Wereldverbeteraars

Het Windesheim Honours College bestaat tien jaar. Na een onzekere start heeft het de weg naar groei gevonden. Maar was het ideaal niet juist: klein maar fijn?

Wat het unieke is aan het WHC? Volgens Lineke Stobbe, directeur educational & internal affairs, is dat niet in één woord te vangen: ‘Het gaat om betrokkenheid bij de wereld, om dingen anders durven doen en elkaar uitdagen om het beste uit  jezelf te halen.’ En daarbij hoort  een unieke vorm van onderwijs: ‘We werken met één vak per dag, zodat studenten en docenten echt de diepte in kunnen.’ En wat ook anders is: WHC- studenten werken vanaf dag één met authentieke opdrachten uit het werkveld, eerst uit de regio, in het derde en vierde jaar vooral internationaal. Daarbij is er veel aandacht voor talentontwikkeling, vertelt directeur external relations & international affairs Liesbeth Rijsdijk. Studenten krijgen in de loop der jaren steeds meer vrijheid om projecten op te pakken. ‘Daarvoor hoef je niet  superslim te zijn, integendeel; je moet vooral open minded, nieuwsgierig en maatschappelijk betrokken zijn.’

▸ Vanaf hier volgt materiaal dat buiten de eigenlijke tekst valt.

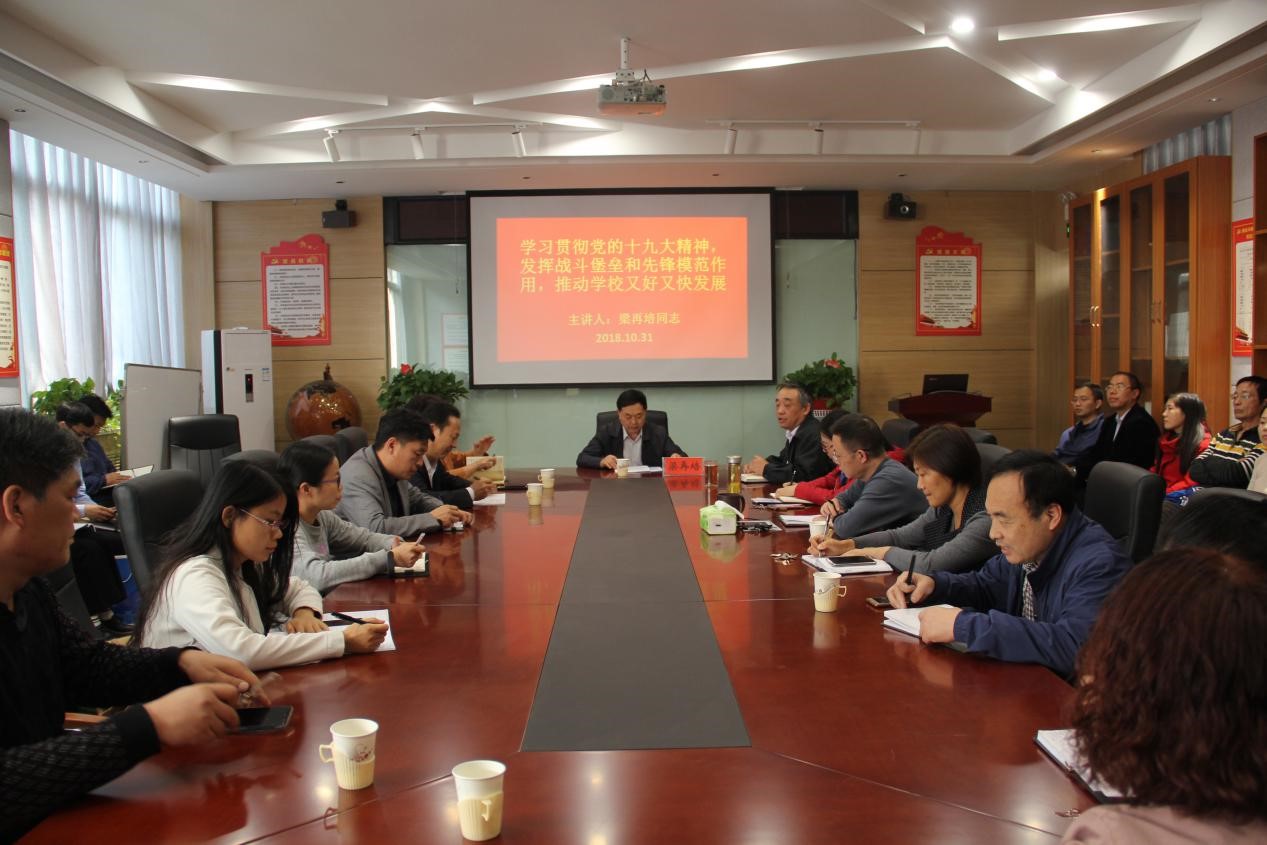 (通讯员 周鹏超)10月31日下午,测绘与城市空间信息学院在5#209会议室开展全体党员教师“学习十九大精神”专题党课,副校长梁再培作了题为“学习贯彻党的十九大精神,发挥战斗堡垒和先锋模范作用,推动学校又好又快发展”专题报告。测绘与城市空间信息学院和外国语学院全体教职工党员参加。

Vernieuwend, uitdagend, diepgaand. Dat waren de idealen die tien jaar geleden ten grondslag lagen aan het WHC. Aryanti Radyo Wijati, parttime docent global public health en stagecoördinator, was een van de eerste docenten:  ‘We hadden zes tot tien studenten per klas. We konden toen nog niet selecteren. Dat was wettelijk niet mogelijk en we waren in die tijd nog desperate to get students. We namen ook studenten aan waarvan het Engels niet goed genoeg was. Nu kunnen we strenger zijn. ’Heeft ze heimwee naar die kleine klassen? ‘Dat was very nice. De relaties waren heel persoonlijk.’ Maar die kleine klassen hadden een keerzijde.

Odd banana
Het WHC was jarenlang een relatief dure opleiding. Dat leidde tot wrijving. Een dieptepunt was toen er in de CMR vergaderd werd of Windesheim wel door zou moeten gaan met het College. Aryanti: ‘We waren in die tijd binnen Windesheim ook wel een odd banana. Dat werd minder toen we verhuisden van de Praubstraat naar de campus. En sinds kort maken we deel uit van domein BMR.’

Elitair
BMR-directeur Rob van Lambalgen omschreef het WHC onlangs als een opleiding voor ‘leaders of the future’. Is dat niet wat pretentieus? Rijsdijk: ‘Wij denken dat we leiders nodig hebben op elk niveau van de maatschappij die vanuit hun waarden werken. Wat is er elitair aan de wereld een beetje beter en mooier maken en daar een initiator in willen zijn?’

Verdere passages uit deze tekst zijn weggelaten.